Do false-positives scare women away from mammograms?

Risk of false positives from mammograms

False-positive mammograms do increase anxiety, but the feeling is short-lived and most women go on to have breast screening in the future, new research suggests.

"Our study showed that anxiety from false-positive mammograms was temporary and did not affect a woman's overall well-being," said Anna Tosteson, a distinguished professor at Norris Cotton Cancer Center and the Dartmouth Institute for Health Policy and Clinical Practice, part of the Geisel School of Medicine at Dartmouth.

The researchers learned that the false-positive results had another effect. "We found that the false-positive experience made women more likely to say they would undergo screening [in the future]," she said.

The study was published online April 21 in JAMA Internal Medicine.

Before the new study, "the consensus was that false-positive exams are common and may cause anxiety for women and have an impact on their health-related quality of life," Tosteson said. "What was at issue was, how big an impact these [false-positives] have on general health and well-being in the long run."

What are the new mammogram guidelines?
Annual screenings beginning at age 40 are recommended by the American Cancer Society and many other organizations, but critics of annual screenings often cite anxiety due to false-positive results as a harm, and a reason to expand the screening interval recommendations.

The researchers evaluated data from a larger study on digital mammogram screening. They analyzed responses from more than 1,000 women, about half with false-positives, from interviews done right after the screening and again a year later.

The women answered questions about anxiety, their health-related quality of life and how likely they were to have a mammogram in the future.

Among those with a false-positive result, more than half said their anxiety was moderate or higher than moderate, and about 5 percent said their anxiety was extreme right after the screening result. "At one year, there was no measurable increase in anxiety for anyone," Tosteson said.

When asked if they planned to have another mammogram within the next two years, about 25 percent of the women with false-positives said they did, but just 14 percent of those who had negative results did.

The researchers also posed a hypothetical example, asking all the women if they would be willing to travel and stay overnight if a distant facility offered a screening method with fewer false-positives.

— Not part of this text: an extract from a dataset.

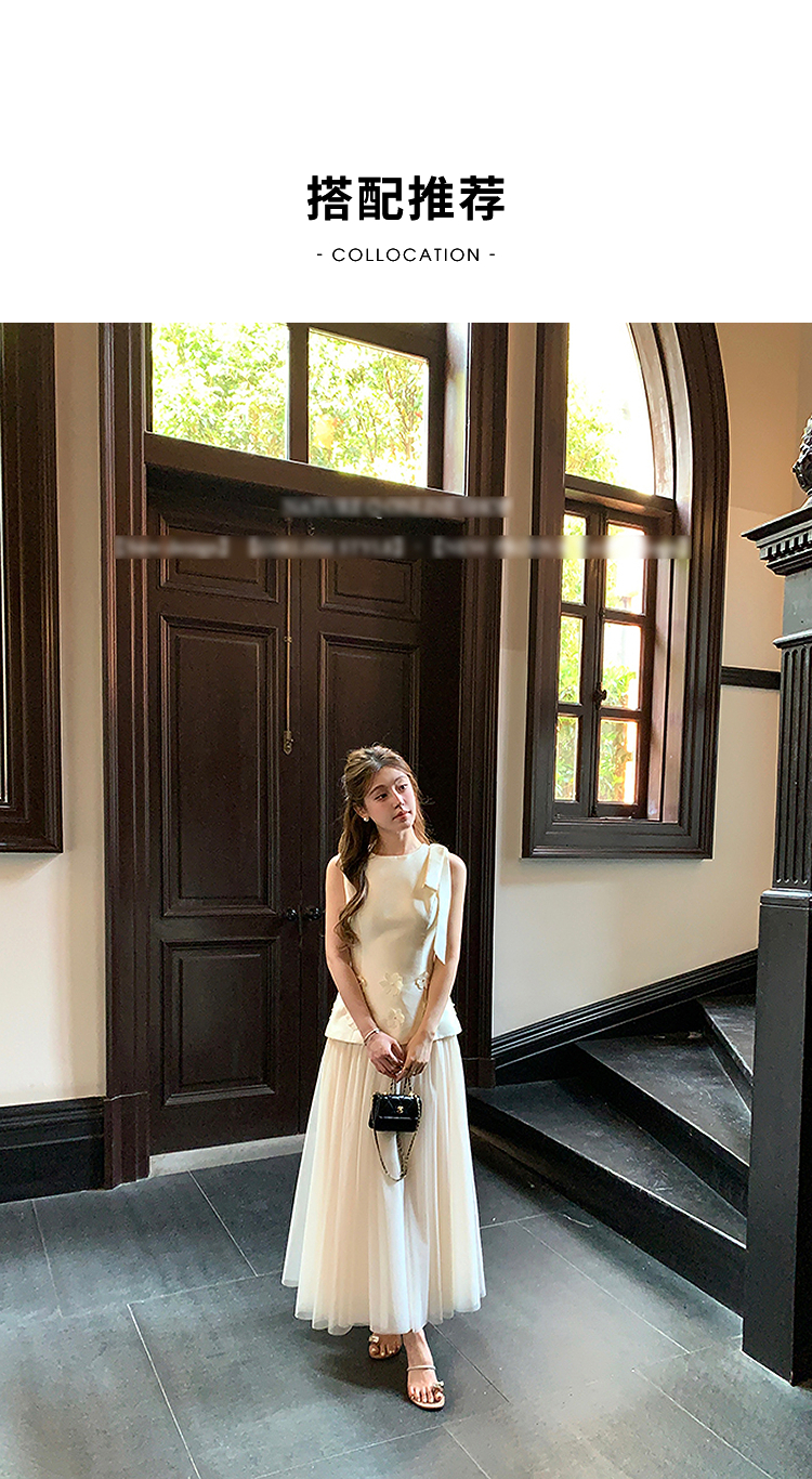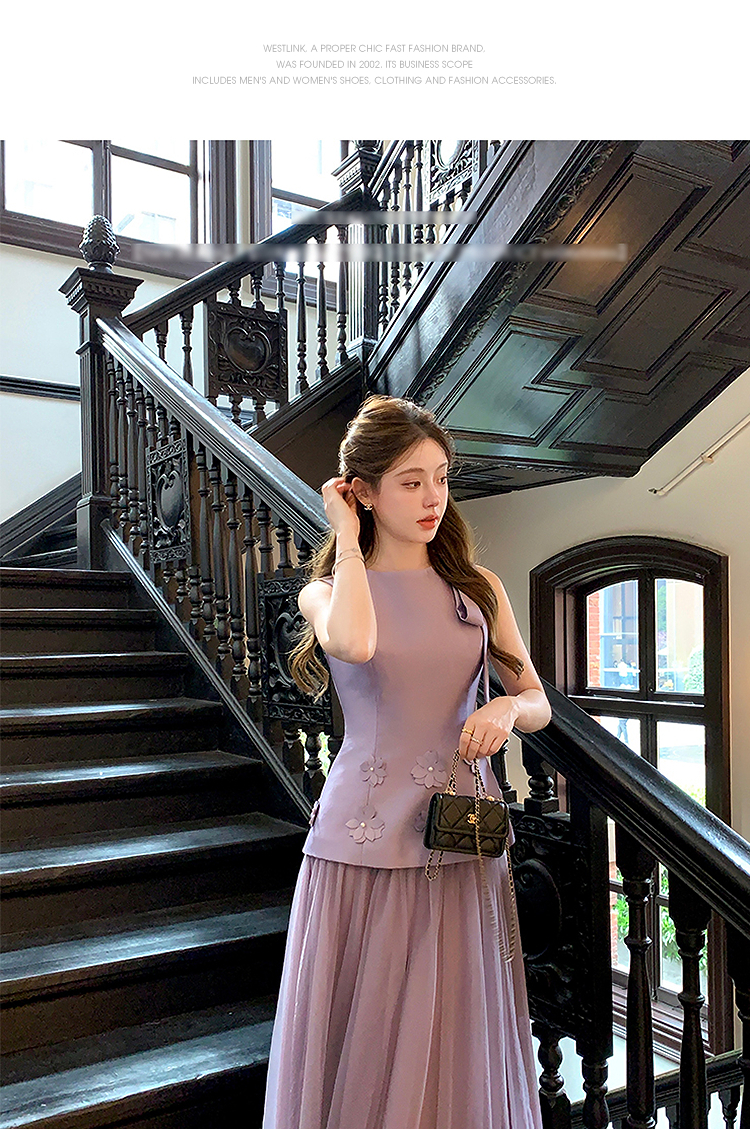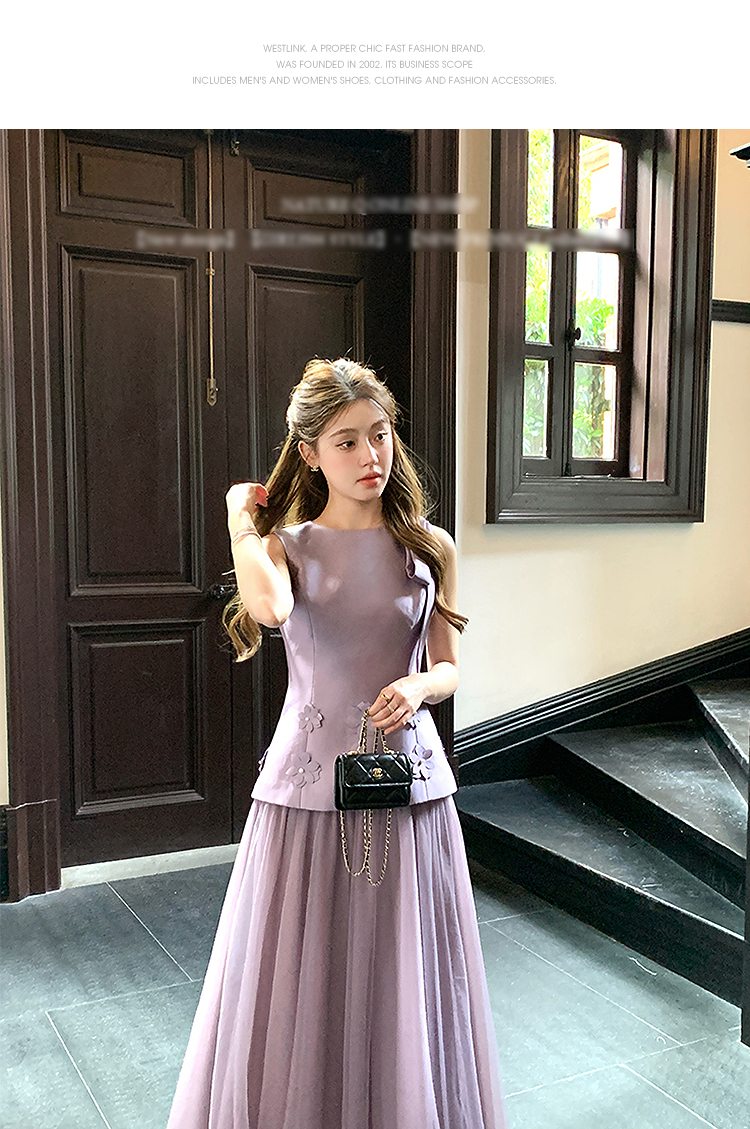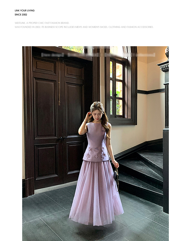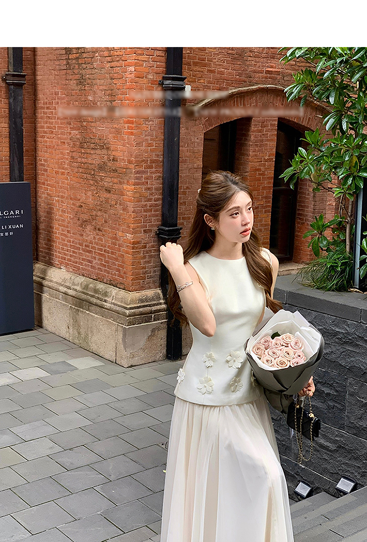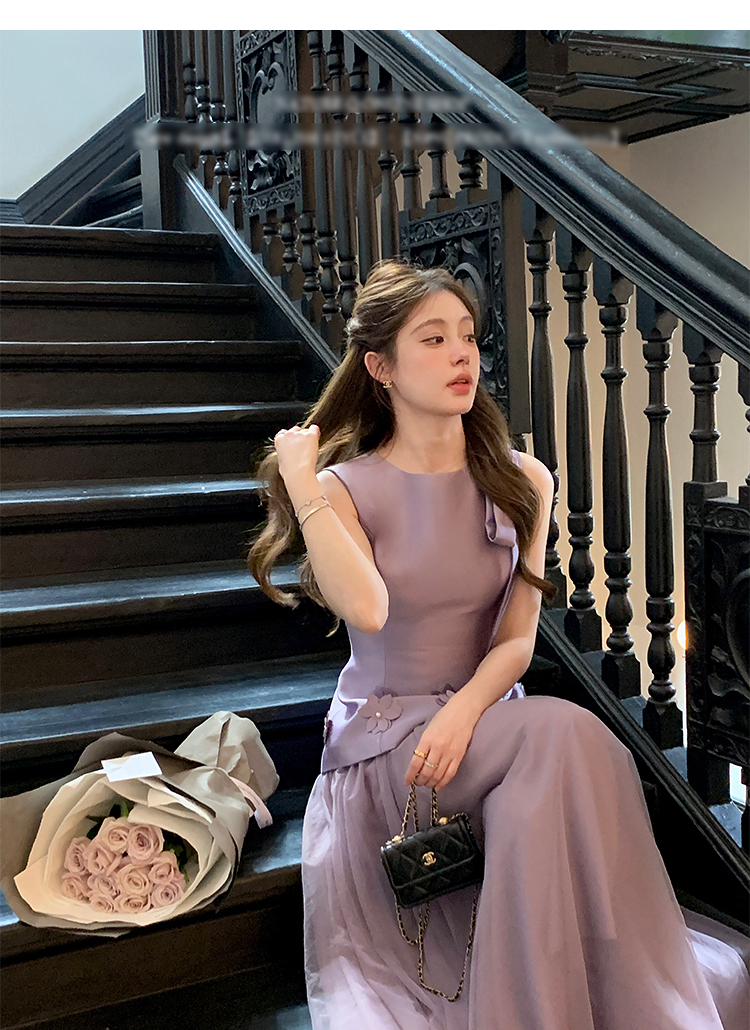 西遇拼接网纱连衣裙女夏季新款立体花朵收腰圆领无袖仙女裙SS050834

The women who had gotten a false-positive were not more likely to agree to this, but women who said they anticipated being very anxious if they ever got a false-positive reading were about twice as likely to agree to the travel to avoid a false-positive.

"Women who had been through the experience didn't think it was such a bad thing," Tosteson said.

That finding didn't surprise an expert on screening results.

Overall, the study finding of transient anxiety "is actually very consistent with evidence we've seen over the years," said Robert Smith, the American Cancer Society's senior director of cancer screening, who commented on the study.

"It's not surprising that a false-positive causes anxiety and worry," he said, as breast cancer is rightfully one of women's greatest health concerns.

It's important to recognize that false-positives are inevitable, Smith said. What is needed is to reduce the frequency as much as possible, as technology improves, and "when they do occur ensure they are resolved as quickly as possible," he said. "That way we can reduce what is commonly referred to as the harms of false-positives, going forward."

The willingness of the women with false-positive results to undergo regular screening in the future, he said, simply reflects how committed women are to detecting any breast cancer in early stages.

Another expert said there's a possible benefit to such screening results.

"Maybe the false-positives make women more aware that breast cancer is a possibility," said Dr. Carol Lee, chair of the communications committee of the breast imaging commission of the American College of Radiology, who also reviewed the findings. "It makes it more real to them," said Lee, an attending radiologist at Memorial Sloan-Kettering Cancer Center, in New York City.

Lee often sees patients who are called back for further testing on what turns out to be a false-positive mammogram result. "When it turns out what we call the person back for is nothing significant, the woman will invariably say, 'Thank you for being careful.'"

One of Tosteson's co-researchers reports grants received or pending from companies involved with diagnostic imaging technology, and is a co-founder and board member of NextRay, Inc. The study was funded by the U.S. National Cancer Institute.